| Stored data |

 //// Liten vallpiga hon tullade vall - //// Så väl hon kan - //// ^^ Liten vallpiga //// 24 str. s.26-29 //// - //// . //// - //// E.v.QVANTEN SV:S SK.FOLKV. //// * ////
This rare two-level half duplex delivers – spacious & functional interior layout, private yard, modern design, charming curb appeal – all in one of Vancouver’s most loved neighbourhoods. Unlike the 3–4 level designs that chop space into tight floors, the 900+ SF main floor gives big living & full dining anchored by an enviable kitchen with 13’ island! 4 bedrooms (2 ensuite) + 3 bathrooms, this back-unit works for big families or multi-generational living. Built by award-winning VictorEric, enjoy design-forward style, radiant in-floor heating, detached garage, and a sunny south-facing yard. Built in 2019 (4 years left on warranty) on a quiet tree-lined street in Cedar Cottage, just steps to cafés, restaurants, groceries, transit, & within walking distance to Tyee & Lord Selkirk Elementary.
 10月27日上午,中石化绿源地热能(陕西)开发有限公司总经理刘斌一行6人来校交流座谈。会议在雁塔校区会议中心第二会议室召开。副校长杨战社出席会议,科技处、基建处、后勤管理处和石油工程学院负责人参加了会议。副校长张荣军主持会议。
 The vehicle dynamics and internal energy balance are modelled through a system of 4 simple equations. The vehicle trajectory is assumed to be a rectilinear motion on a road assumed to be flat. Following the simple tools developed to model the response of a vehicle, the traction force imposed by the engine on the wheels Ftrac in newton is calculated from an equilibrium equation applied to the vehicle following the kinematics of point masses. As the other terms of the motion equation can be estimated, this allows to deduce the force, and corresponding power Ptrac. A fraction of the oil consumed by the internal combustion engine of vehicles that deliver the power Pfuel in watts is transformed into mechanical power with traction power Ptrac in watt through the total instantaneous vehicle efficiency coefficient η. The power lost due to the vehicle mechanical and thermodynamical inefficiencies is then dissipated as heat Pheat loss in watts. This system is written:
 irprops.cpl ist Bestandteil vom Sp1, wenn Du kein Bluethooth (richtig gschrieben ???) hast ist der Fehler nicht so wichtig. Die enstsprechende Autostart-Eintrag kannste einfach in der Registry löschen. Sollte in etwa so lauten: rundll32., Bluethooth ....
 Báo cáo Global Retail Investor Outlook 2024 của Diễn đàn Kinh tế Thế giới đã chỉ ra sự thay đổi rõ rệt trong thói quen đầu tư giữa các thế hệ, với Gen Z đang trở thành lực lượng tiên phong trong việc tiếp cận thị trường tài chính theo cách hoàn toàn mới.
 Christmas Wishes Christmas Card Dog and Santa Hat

--

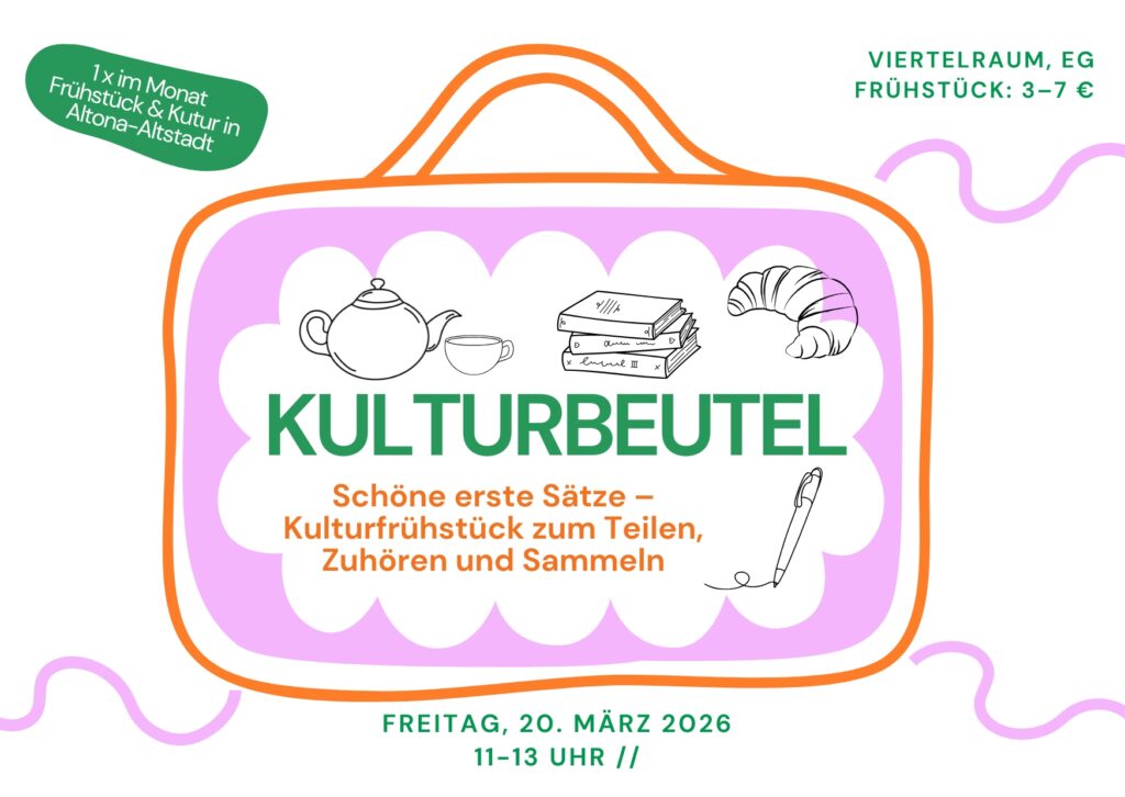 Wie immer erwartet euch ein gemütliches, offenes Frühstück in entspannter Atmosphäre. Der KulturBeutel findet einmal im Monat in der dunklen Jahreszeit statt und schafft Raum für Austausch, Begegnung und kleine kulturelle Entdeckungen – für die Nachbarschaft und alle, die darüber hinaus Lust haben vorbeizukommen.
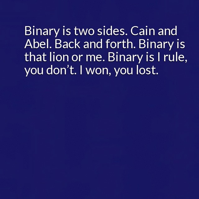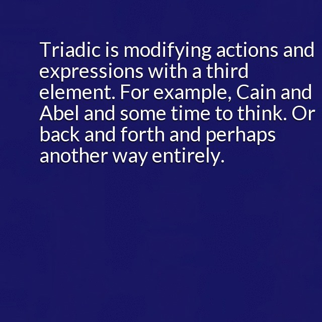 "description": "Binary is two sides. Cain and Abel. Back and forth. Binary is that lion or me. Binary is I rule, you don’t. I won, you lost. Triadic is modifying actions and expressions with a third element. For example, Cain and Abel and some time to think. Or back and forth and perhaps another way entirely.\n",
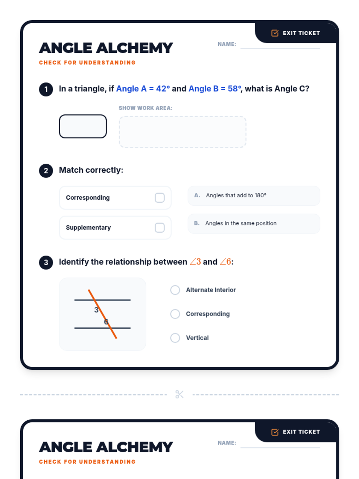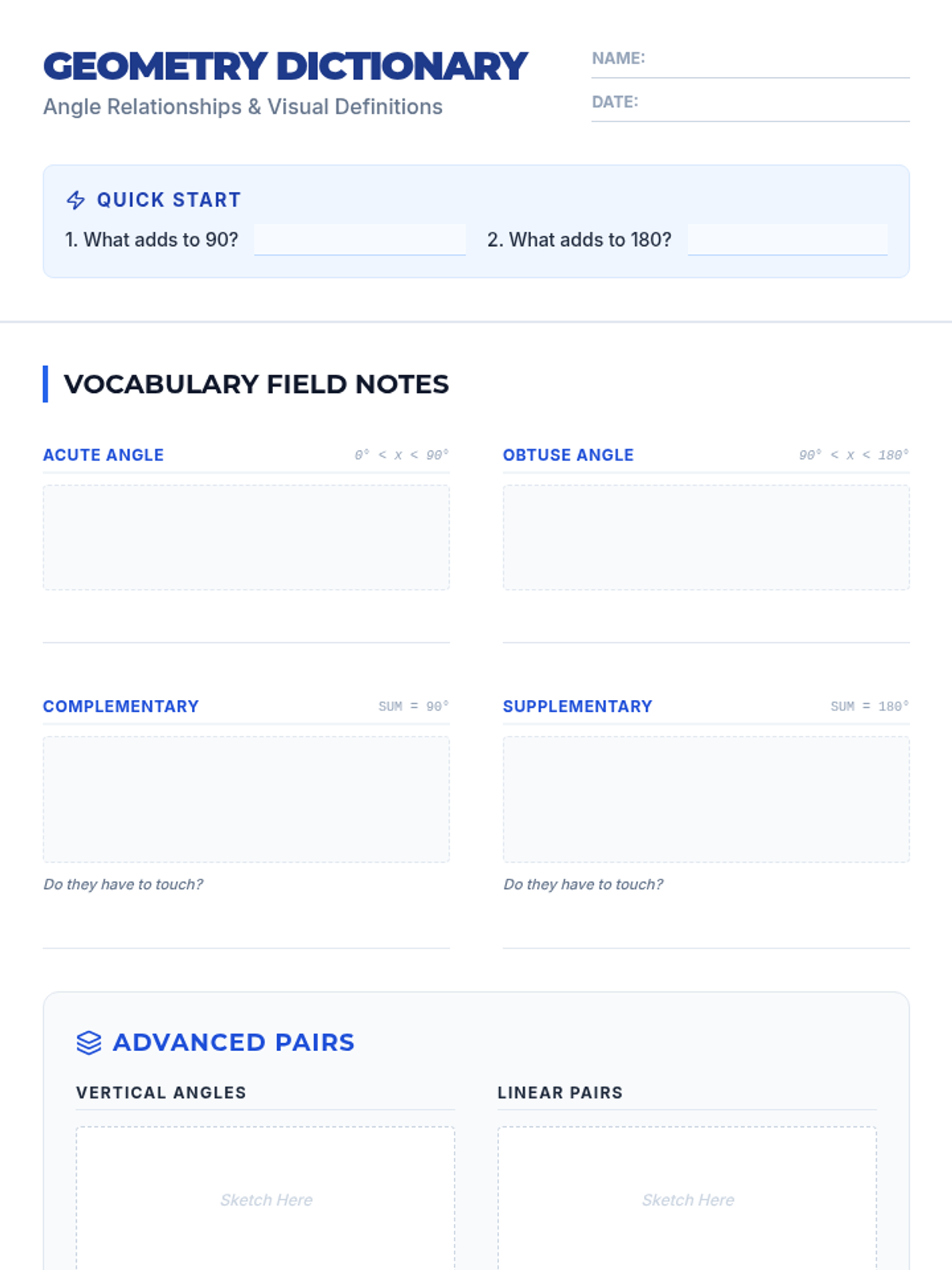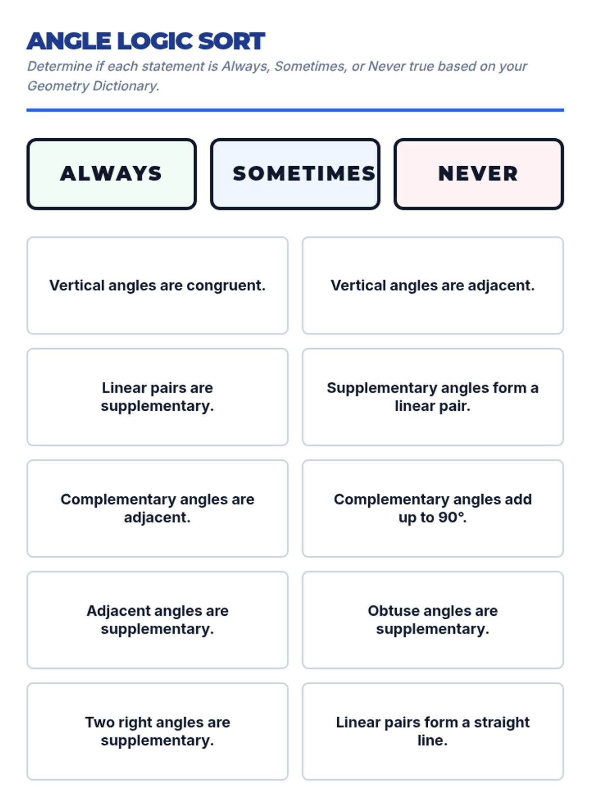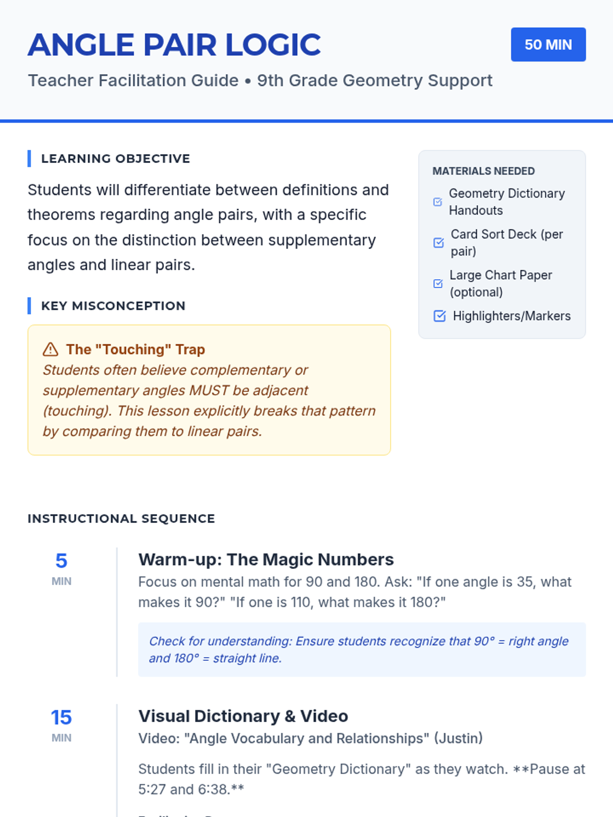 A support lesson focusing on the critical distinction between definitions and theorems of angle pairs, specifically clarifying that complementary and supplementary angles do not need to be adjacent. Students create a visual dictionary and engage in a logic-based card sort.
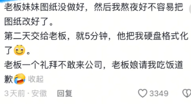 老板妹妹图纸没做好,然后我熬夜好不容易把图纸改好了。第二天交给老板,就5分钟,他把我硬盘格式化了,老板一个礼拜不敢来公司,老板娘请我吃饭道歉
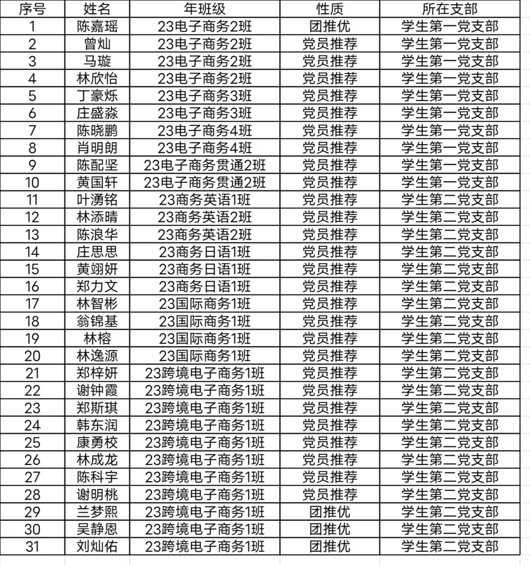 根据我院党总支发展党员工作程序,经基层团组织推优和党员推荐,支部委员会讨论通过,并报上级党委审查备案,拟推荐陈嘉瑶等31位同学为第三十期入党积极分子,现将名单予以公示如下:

| Problem requirements |
The stretch above running from the line with "is two sides." through the line with "根据我院党总支发展党员工作程" is all you should copy, exactly, leaving out the pictures.

| Solution to the problem |
 "description": "Binary is two sides. Cain and Abel. Back and forth. Binary is that lion or me. Binary is I rule, you don’t. I won, you lost. Triadic is modifying actions and expressions with a third element. For example, Cain and Abel and some time to think. Or back and forth and perhaps another way entirely.\n",
 A support lesson focusing on the critical distinction between definitions and theorems of angle pairs, specifically clarifying that complementary and supplementary angles do not need to be adjacent. Students create a visual dictionary and engage in a logic-based card sort.
 老板妹妹图纸没做好,然后我熬夜好不容易把图纸改好了。第二天交给老板,就5分钟,他把我硬盘格式化了,老板一个礼拜不敢来公司,老板娘请我吃饭道歉
 根据我院党总支发展党员工作程序,经基层团组织推优和党员推荐,支部委员会讨论通过,并报上级党委审查备案,拟推荐陈嘉瑶等31位同学为第三十期入党积极分子,现将名单予以公示如下:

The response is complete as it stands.